- _TASK OBJECTIVE_:
What you return must match the listing below exactly, minus any pictures.

- _MATERIAL PROVIDED_:
────────

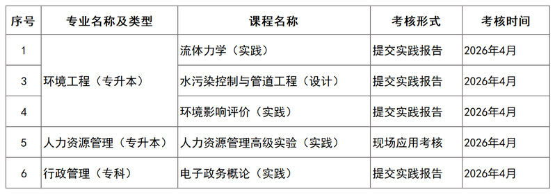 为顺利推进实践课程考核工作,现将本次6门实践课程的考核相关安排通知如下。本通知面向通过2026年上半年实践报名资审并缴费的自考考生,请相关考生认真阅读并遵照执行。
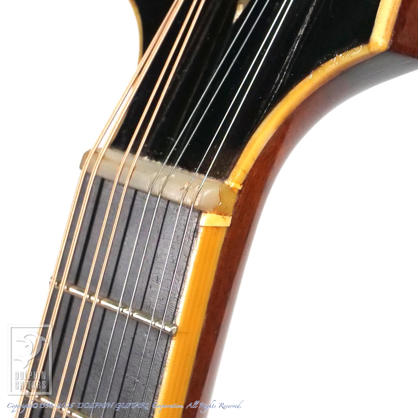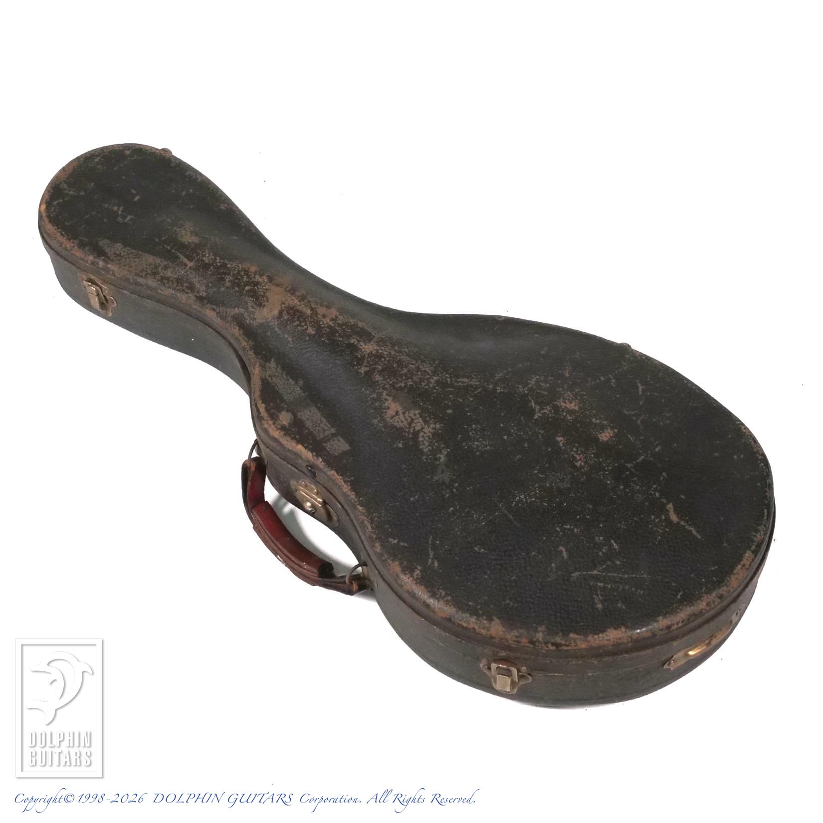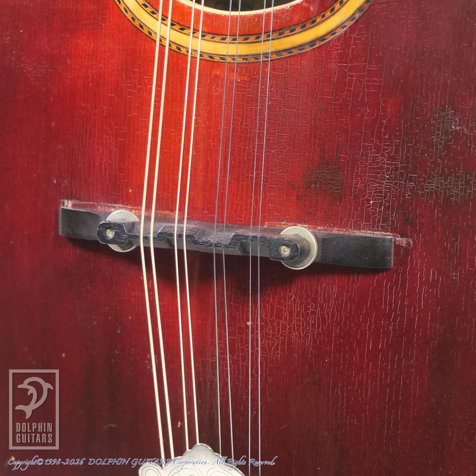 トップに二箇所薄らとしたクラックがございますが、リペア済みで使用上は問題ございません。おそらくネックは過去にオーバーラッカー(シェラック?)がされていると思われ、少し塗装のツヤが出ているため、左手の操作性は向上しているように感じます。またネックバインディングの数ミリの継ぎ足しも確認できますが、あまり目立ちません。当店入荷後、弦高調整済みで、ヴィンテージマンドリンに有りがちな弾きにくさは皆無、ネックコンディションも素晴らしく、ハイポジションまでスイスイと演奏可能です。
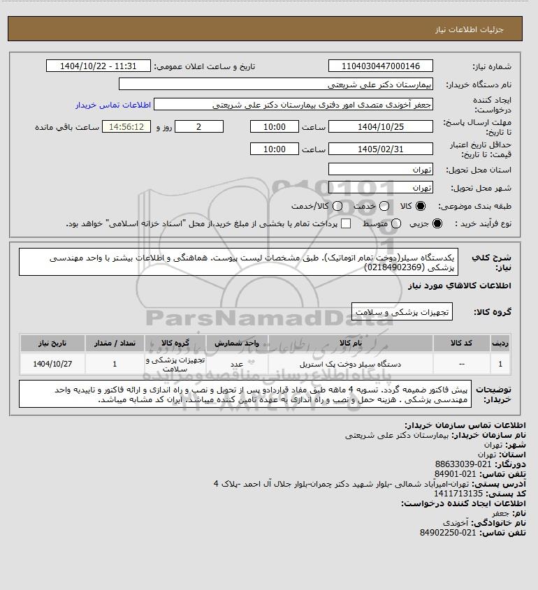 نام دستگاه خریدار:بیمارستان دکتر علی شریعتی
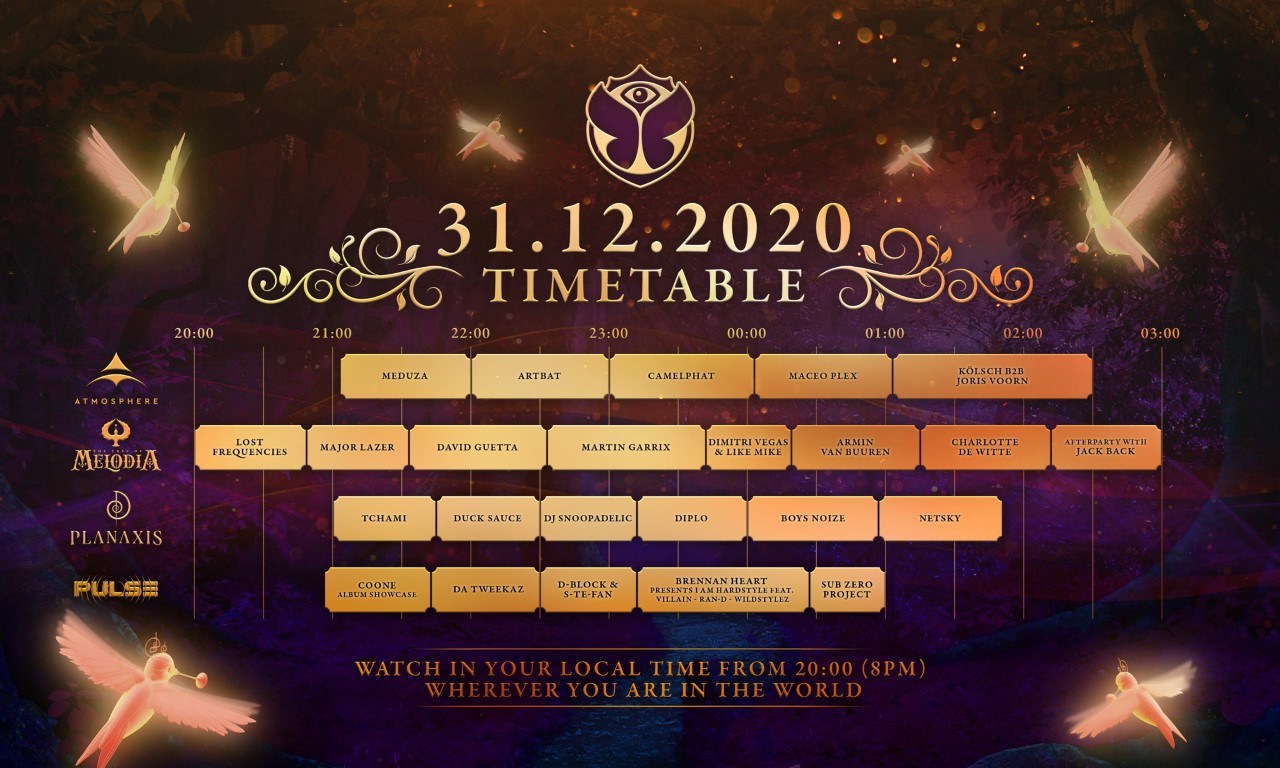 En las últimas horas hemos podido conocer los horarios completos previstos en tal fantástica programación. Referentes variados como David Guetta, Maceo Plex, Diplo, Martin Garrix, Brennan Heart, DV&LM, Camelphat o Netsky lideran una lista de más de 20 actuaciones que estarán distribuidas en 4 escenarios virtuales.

────────

- _RESPONSE BOX_:
 为顺利推进实践课程考核工作,现将本次6门实践课程的考核相关安排通知如下。本通知面向通过2026年上半年实践报名资审并缴费的自考考生,请相关考生认真阅读并遵照执行。
 トップに二箇所薄らとしたクラックがございますが、リペア済みで使用上は問題ございません。おそらくネックは過去にオーバーラッカー(シェラック?)がされていると思われ、少し塗装のツヤが出ているため、左手の操作性は向上しているように感じます。またネックバインディングの数ミリの継ぎ足しも確認できますが、あまり目立ちません。当店入荷後、弦高調整済みで、ヴィンテージマンドリンに有りがちな弾きにくさは皆無、ネックコンディションも素晴らしく、ハイポジションまでスイスイと演奏可能です。
 نام دستگاه خریدار:بیمارستان دکتر علی شریعتی
 En las últimas horas hemos podido conocer los horarios completos previstos en tal fantástica programación. Referentes variados como David Guetta, Maceo Plex, Diplo, Martin Garrix, Brennan Heart, DV&LM, Camelphat o Netsky lideran una lista de más de 20 actuaciones que estarán distribuidas en 4 escenarios virtuales.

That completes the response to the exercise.